#299
"The prospect of solving chess in a brute force manner hinges on a breakthrough in scalability in quantum computing."
++ A quantum computer is the only way for strongly solving chess i.e. a 32-men table base.
Weakly solving chess takes 5 years on present cloud engines. Sveshnikov 'practically exhausted' B33 in 1988 on his own, without engines, without table bases. So to do 499 times more with cloud engines, table bases and grandmaster assistants is plausible.
"This is an area where the physics itself isn't yet fully understood."
++ The physics is understood.

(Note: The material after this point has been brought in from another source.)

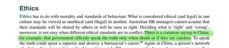 但据环环了解的情况是,所谓中国“俗语”的那句话,竟然来自教科书,是包括莫纳什大学、unsw、anu等澳大利亚一众高等学府都在使用的教材。

Quantum computers are even commercially available for rental.
https://www.dwavesys.com/solutions-and-products/cloud-platform/
"consider Fermat's Last Theorem"
++ Also the Four Color Theorem etc. Provability is a higher degree of truth. Also the Riemann Hypothesis and the Goldbach Conjecture are believed to be true though not yet proven.

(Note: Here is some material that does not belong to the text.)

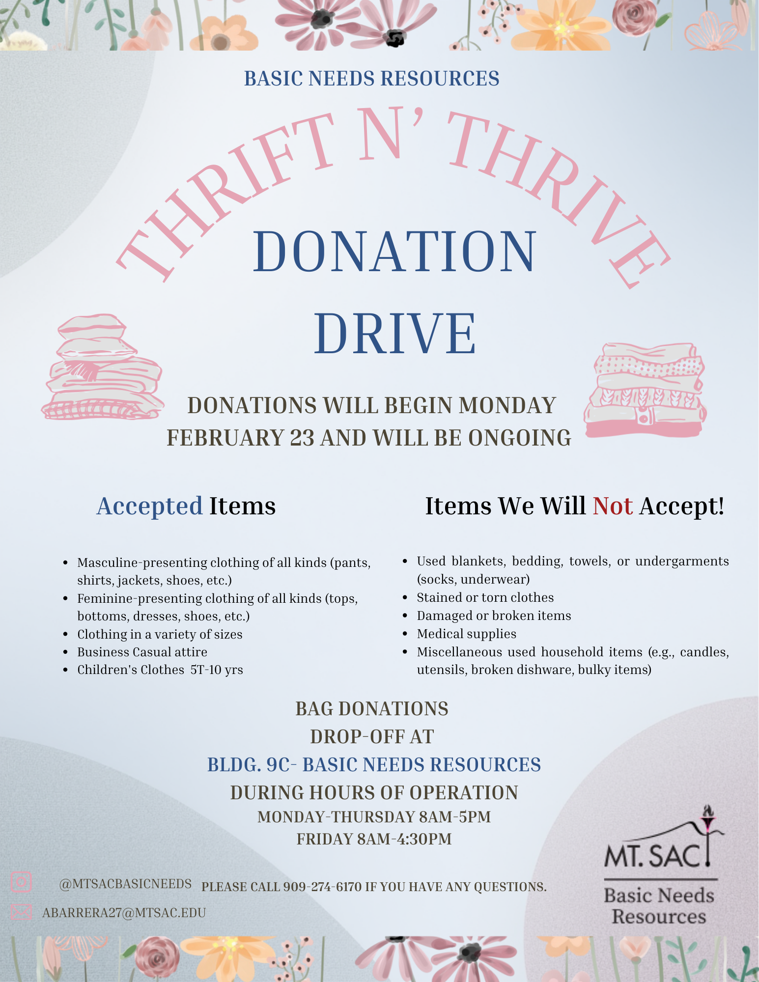 All donations can be dropped off at Building 9C – Basic Needs Resources during our

"The way to know with absolute certainty is brute force solving, so your argument is circular...you cannot ever establish that a "chess AI" is 100% perfect until you solve the game. This whole thread was done better the first time around...this is just redundant rehashing.">>>
Of course it is but it's what they enjoy. Getting stuck in blind alleys and continually bouncing off the wall at the end only seems like progress to some.
However, a brute force full solution to chess is, at the moment, inconceivable. No way to track it, store it or evaluate it so it would have to be done via successive approximations. That's a necessary but clumsy method, since a lot of room has to be left to accomodate suprising lines.
My son works in AI. He's a physicist but his masters degree was in maths. He reckons that depicting chess mathematically is impossible. By that, he means "for a number of generations".